Group sales for the period reached £3.92 billion, slightly ahead of expectations, with UK and Ireland sales rising to £2.34 billion and adjusted EBIT at £23 million, outperforming analyst forecasts. 

The Nordics region delivered adjusted EBIT of £18 million, also exceeding expectations despite sales of £1.58 billion falling slightly short of consensus estimates.

Free cash flow for the half-year leaped to £50 million, a substantial improvement from £4 million in the prior year.

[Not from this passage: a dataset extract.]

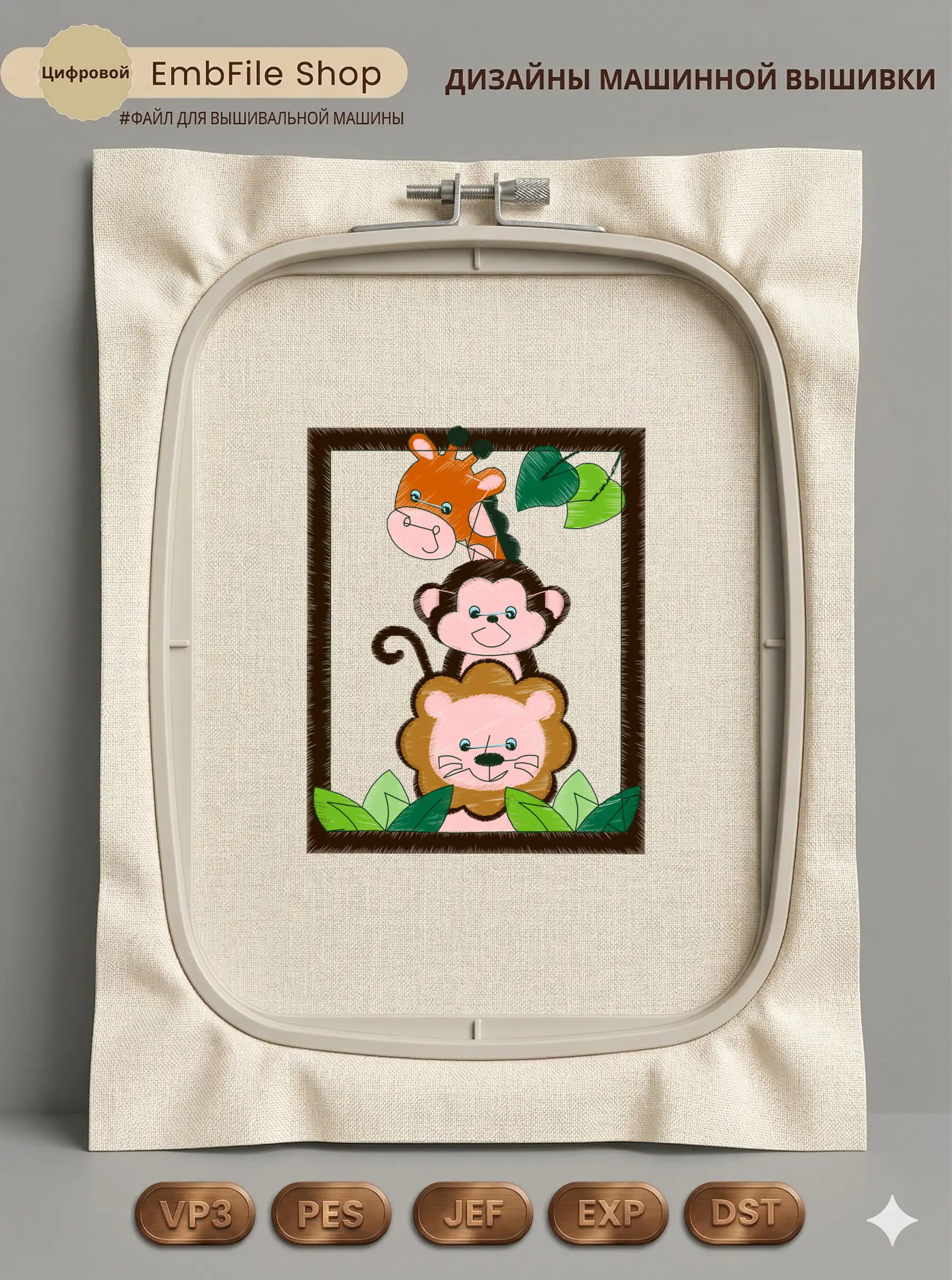 Дизайн машинной вышивки. Животные (Размер 103×130мм). Форматы: DST PES JEF VP3 EXP XXX . Стежков: 19242

Currys’ net cash position reached £107 million, marking its strongest balance sheet since the 2014 merger.

This financial stability has prompted management to reaffirm its intention to resume shareholder cash returns in 2024.

Berenberg analysts upgraded their FY 2025 adjusted PBT forecast by 4% to £145 million, citing a lower interest charge driven by Currys’ improved balance sheet and reduced lease liabilities. 

This adjustment offsets the anticipated £32 million in incremental costs stemming from recent UK budget changes, including employer National Insurance contributions and minimum wage increases.

While the fiscal 2026 and 2027 adjusted PBT forecasts remain unchanged, Currys’ clear guidance on managing these costs provides confidence in its ability to sustain profit growth. 

The company expects normalized capital expenditure to remain below £100 million annually, alongside a reduction in exceptional cash costs to below £10 million by FY 2027.

Currys’ financial discipline has reduced its indebtedness by over £700 million between FY 2019 and FY 2024, with further improvements expected. 

Berenberg forecasts the elimination of the company’s pension deficit by FY 2027, at which point contributions will cease, driving a step-up in free cash flow to equity to about £100 million in FY 2027 and over £150 million annually thereafter.

The company’s iD Mobile network, which now boasts over 2 million subscribers—a 32% year-on-year increase—and its recurring, higher-margin services revenue of £700 million, collectively underscore the strength of its cash generation potential.